I implemented the paper: and tested on many datasets and haven’t found a single use-case where ResNet or DenseNet wouldn’t outperform Capsule Network. Having said that, it’s an interesting idea to watch for in the future. I believe the authors summarised the state of Capsule networks in the paper accurately:
“Research on capsules is now at a similar stage to research on recurrent neural networks for speech recognition at the beginning of this century. There are fundamental representational reasons for believing that it is a better approach but it probably requires a lot more small insights before it can out-perform a highly developed technology.”


Thanks for the great explanation.

1 Like

great explanation

Great reply!

Anyone else curious about the question I asked here, can read the paper with the title Capsules for Object Segmentation. Its very nice paper published recently which explains how the Capsule Networks are inefficient as compared to convolution models.

(pasting the gist here.)

The original capsule network architecture and dynamic routing algorithm is extremely computationally expensive, both in terms of memory and run-time. Additional intermediate representations are needed to store the output of “child” capsules in a given layer while the dynamic routing algorithm determines the coefficients by which these children are routed to the “parent” capsules in the next layer. This dynamic routing takes place between every parent and every possible child. One can think of the additional memory space required as a multiplicative increase of the batch size at a given layer by the number of capsule types at that layer.
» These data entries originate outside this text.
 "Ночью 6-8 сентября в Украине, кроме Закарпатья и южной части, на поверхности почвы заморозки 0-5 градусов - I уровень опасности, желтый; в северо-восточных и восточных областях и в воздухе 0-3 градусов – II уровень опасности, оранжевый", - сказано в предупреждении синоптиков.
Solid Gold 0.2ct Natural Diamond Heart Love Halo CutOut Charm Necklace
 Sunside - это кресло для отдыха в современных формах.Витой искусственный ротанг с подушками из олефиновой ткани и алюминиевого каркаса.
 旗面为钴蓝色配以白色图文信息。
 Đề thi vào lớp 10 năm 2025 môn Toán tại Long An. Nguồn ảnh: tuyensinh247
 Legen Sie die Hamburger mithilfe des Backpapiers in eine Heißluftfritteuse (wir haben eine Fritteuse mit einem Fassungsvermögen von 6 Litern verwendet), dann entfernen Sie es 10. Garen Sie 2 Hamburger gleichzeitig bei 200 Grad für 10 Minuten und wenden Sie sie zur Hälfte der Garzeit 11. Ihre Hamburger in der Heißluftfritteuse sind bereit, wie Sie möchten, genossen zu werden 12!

The number of parameters required quickly swells beyond control as well, even for trivially small inputs such as MNIST and CIFAR10. For example, given a set of 32 capsule types with 6 × 6, 8D-capsules per type, being routed to 10 × 1, 16D-capsules, the number of parameters for this layer alone is 10 × (6 × 6 × 32) × 16 × 8 = 1, 474, 560 parameters. This one layer contains, coincidentally, roughly the same number of parameters as our entire proposed deep convolutional-deconvolutional capsule network with locally-constrained dynamic routing which itself operates on 512 × 512 pixel inputs.
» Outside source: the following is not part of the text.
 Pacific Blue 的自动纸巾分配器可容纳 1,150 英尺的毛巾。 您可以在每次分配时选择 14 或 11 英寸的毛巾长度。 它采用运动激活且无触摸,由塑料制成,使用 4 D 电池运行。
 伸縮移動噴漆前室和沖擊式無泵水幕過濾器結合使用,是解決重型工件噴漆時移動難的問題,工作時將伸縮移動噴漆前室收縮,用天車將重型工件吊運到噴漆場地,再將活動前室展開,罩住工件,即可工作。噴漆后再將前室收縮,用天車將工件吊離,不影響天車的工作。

(thanks to this forum post for posting about the paper. Its interesting to see if it can really be useful after proposed changes (SegCaps). keras code is implemented here. AFIK It hasn’t been implemented in pytorch yet)

1 Like

I implemented the paper in PyTorch 0.3.0 when the paper was published one year ago. I wanted a decent PyTorch implementation of CapsNet and I couldn’t find one at the point when I started. So, I started this project as a random weekend hack to do just that.
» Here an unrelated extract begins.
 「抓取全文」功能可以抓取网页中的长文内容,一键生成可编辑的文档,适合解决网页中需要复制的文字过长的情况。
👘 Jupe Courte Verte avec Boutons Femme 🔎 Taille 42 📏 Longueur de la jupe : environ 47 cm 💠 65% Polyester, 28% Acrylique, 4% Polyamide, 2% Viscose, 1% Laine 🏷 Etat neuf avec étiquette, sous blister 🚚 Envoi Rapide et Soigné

The model was trained on the standard MNIST data. I have tested using other datasets such as CIFAR10.

The implementation comes with a proper documentation and codes commented using Python docstring.

Pre-trained model and weights are available for download as well.

Total number of parameters on (with reconstruction network): 8227088 (8 million). If we compare that to ResNet, I think this is not so practical (in terms of efficiency).

By reading this paper and digging deeper into the implementations, I got similar insights as the way Daniel Havir put it.

Learned a ton of PyTorch along the way. Now, the repo is showing its age now. Definitely needs some dusting soon :smiley: